Set the data down again, exactly as it reads, but without the pictures.
***** Extracted information *****
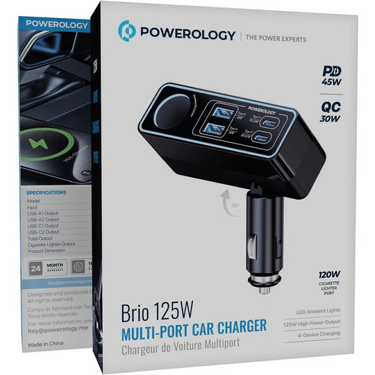 شاحن سيارة بريو متعدد المنافذ بقدرة 125 واط من Powerology
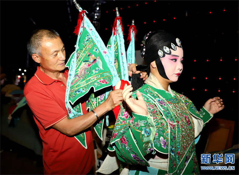 6月12日晚,河南省南陽市解放廣場,南陽市內(nèi)鄉(xiāng)宛梆劇團的工作人員在后臺幫助演員穿“大靠”。
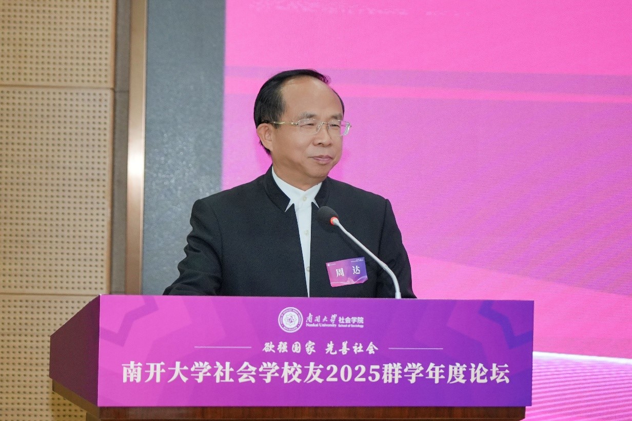 资深校董、南开校友总会社会学分会会长、1987级社会学硕士校友周达致辞。他说,国家之间的竞争归根结底是科技和治理能力结构现代化的竞争。中华民族要实现伟大复兴,离不开治理的现代化,离不开高校的持续性发展。国产自拍
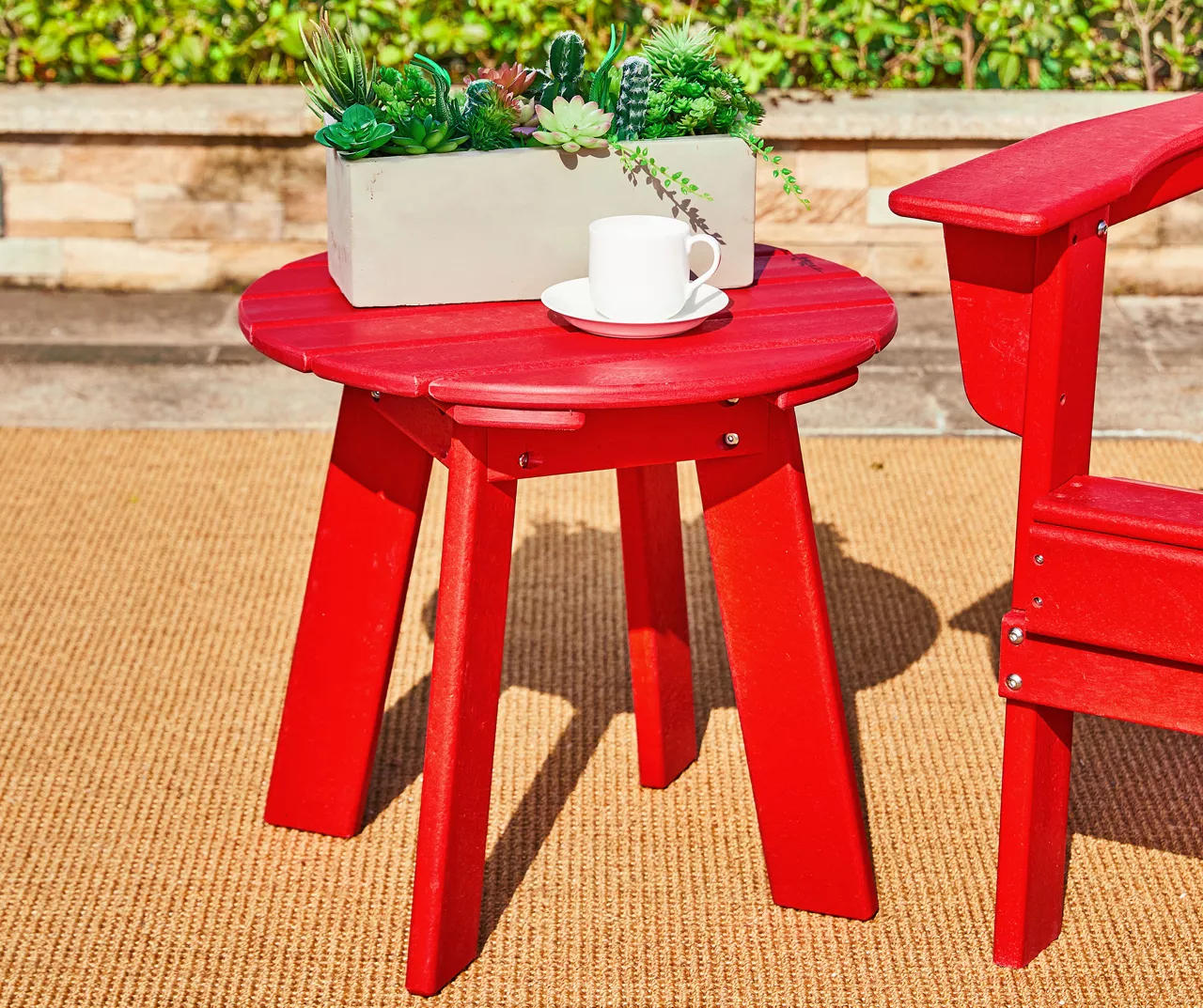 Keep your favorite items nearby outdoors on this Adirondack style side table. Constructed of durable and all weather-resistant high-density polyethylene, the table is very easy to clean and needs almost no maintenance. This patio side table is small but mighty. Just set your lovely flowers, snacks, drinks or cocktails to enjoy a good time!
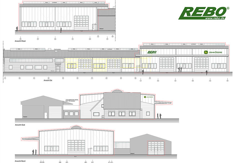 Um auch künftig den Anforderungen der Kunden gerecht zu werden und die Servicequalität zu halten, wird das Rebo Service-Kompetenz-Center vollständig modernisiert und um 750 auf dann 2000 Quadratmeter erweitert. Eine neun Meter Montagegrube und eine fünf Tonnen Krananlage wird die Effizienz zugunsten des Kunden deutlich steigern. Hinzukommt eine umfassende energetische Dämmung sowie eine Bodenheizung im Werkstattbereich.
*****
§ **Answer for this exercise**:
 شاحن سيارة بريو متعدد المنافذ بقدرة 125 واط من Powerology
 6月12日晚,河南省南陽市解放廣場,南陽市內(nèi)鄉(xiāng)宛梆劇團的工作人員在后臺幫助演員穿“大靠”。
 资深校董、南开校友总会社会学分会会长、1987级社会学硕士校友周达致辞。他说,国家之间的竞争归根结底是科技和治理能力结构现代化的竞争。中华民族要实现伟大复兴,离不开治理的现代化,离不开高校的持续性发展。国产自拍
 Keep your favorite items nearby outdoors on this Adirondack style side table. Constructed of durable and all weather-resistant high-density polyethylene, the table is very easy to clean and needs almost no maintenance. This patio side table is small but mighty. Just set your lovely flowers, snacks, drinks or cocktails to enjoy a good time!
 Um auch künftig den Anforderungen der Kunden gerecht zu werden und die Servicequalität zu halten, wird das Rebo Service-Kompetenz-Center vollständig modernisiert und um 750 auf dann 2000 Quadratmeter erweitert. Eine neun Meter Montagegrube und eine fünf Tonnen Krananlage wird die Effizienz zugunsten des Kunden deutlich steigern. Hinzukommt eine umfassende energetische Dämmung sowie eine Bodenheizung im Werkstattbereich.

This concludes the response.